The sign marks the entrance to the Vietnamese-American Heritage Project at the Smithsonian, an exhibit commemorating the 30th anniversary of Vietnamese mass migration to the United States. The real focus of the exhibit is Vietnamese-Americans today; after all, the sign refers to Westminster, CA, a part of which was renamed “Little Saigon” for its large Vietnamese-American population.
“It’s no longer about the Vietnam War,” Ban Tran, the outreach coordinator of the Vietnamese-American Heritage Project, said, “but about the accomplishments the Vietnamese-American community has achieved and the challenges it has faced.”
The exhibit first looks at war refugees. A series of enlarged photographs trace their journey to the United States, depicting some who evacuated Vietnam on airplanes and many others who crowded treacherously onto a single boat. A mounted inflatable “life vest”—a circular tube about two or three feet in diameter, just big enough to keep your head above the water—reinforces that many staked their lives on the flimsy vessels, and their only options were to succeed in the escape or die.
Through family keepsakes, movie posters, restaurant menus, newspaper clippings, documentary video and other media, the exhibit illustrates that Vietnamese refugees not only survived, but also influenced mainstream American culture. Restaurant entrepreneurs—like the owners of Pho 75 in Arlington—added to America’s growing list of favorite ethnic foods by introducing Americans to pho, the Vietnamese broth. Vietnamese author Le Ly Hayslip wrote the novel upon which the Vietnam War film Heaven & Earth was based.
In a section on prominent Vietnamese in America, Georgetown Law Professor Viet Dinh, who drafted the USA Patriot act as Assistant Attorney general in the Bush administration, is featured alongside Betty Nguyen of CNN and Dat Nguyen of the Dallas Cowboys.
The broad picture the exhibit paints of Vietnamese-American culture includes both the positive and negative aspects of immigrant life. In one photograph, a young man’s face is obscured by a bandana as he makes the signature hand gesture of his gang—all you can see are his eyes, gleaming and dark in their defiance. Also, for perhaps the first time, photographs and newspaper articles tell the stories of Vietnamese-American victims of Hurricane Katrina. Surrounded by the remains of their homes, they face the daunting task of moving once more.

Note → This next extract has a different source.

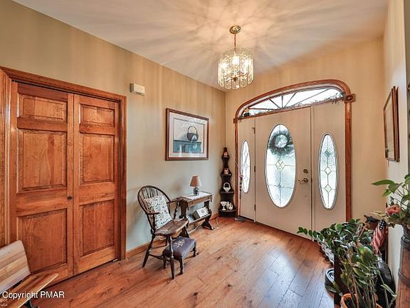 Located on a serene culdesac street, this custom built sprawling ranch home offers 1st floor living at its finest. The decorative paver patio welcomes you as you enter into this open concept 3 BR 2 1 2 bath beauty. Magnificent hardwood floors, cathedral ceilings, and stone fireplace decorate An inviting living room and dining room, and French doors exit to the deck out back. The well appointed kitchen offers plenty of cabinet space and a light and bright breakfast nook that's perfect for sippingmorning coffee. The luxurious owner's wing boasts tray ceilings, a sitting area, custom walk in closet, and an exquisite bathroom oasis with garden tub, double vanity, and stand up shower. At the opposite end of the house, two spacious bedrooms share a bathroom with adjacent double vanity sinks. French doors lead to the office den with access to the deck. Location of Convenience, just two miles to NJ or Martz transportation, and minutes to downtown Stroudsburg!

At times, the exhibit’s broad aim to cover Vietnamese-American contributions in nearly all aspects of American society leaves you wishing it had a more in-depth view. Its importance, though, is no less diminished. In a city where the only other prominent space related to the Vietnamese is the Vietnam War Memorial, an exhibit in the Smithsonian represents to many—especially to the 43,709 Vietnamese-Americans in the greater D.C. area—that they are here to stay.

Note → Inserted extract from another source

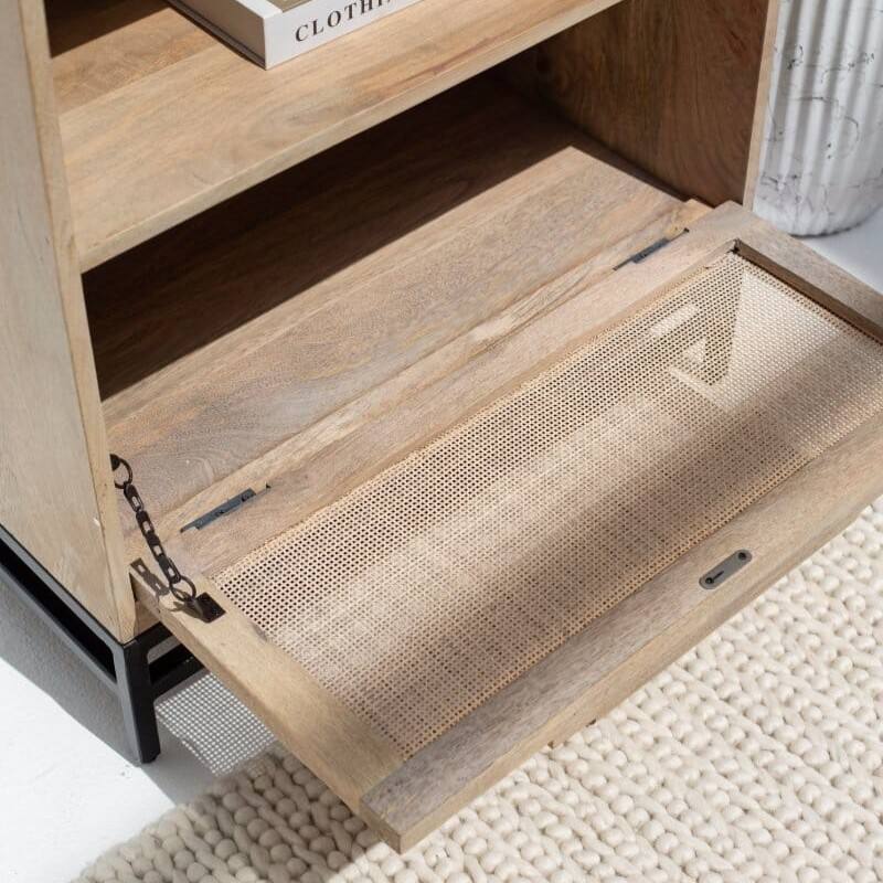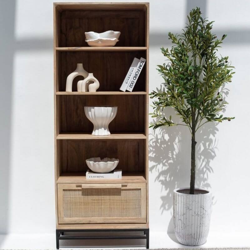 Étagères bibliothèque Vandana Altis Grand en rotin et bois de manguier avec base noire – Design de rangement moderne

“A lot of Vietnamese-Americans recognized the importance of leaving a legacy, to donate to honor our parents,” Tran adds. “It’s pretty powerful to leave for the next generation.”
“Exit Saigon, Enter Little Saigon” is at the S. Dillon Ripley Center, International Gallery, 1100 Jefferson Drive S.W. (between the Freer & Sackler Galleries and the Smithsonian Castle). It runs until March 31.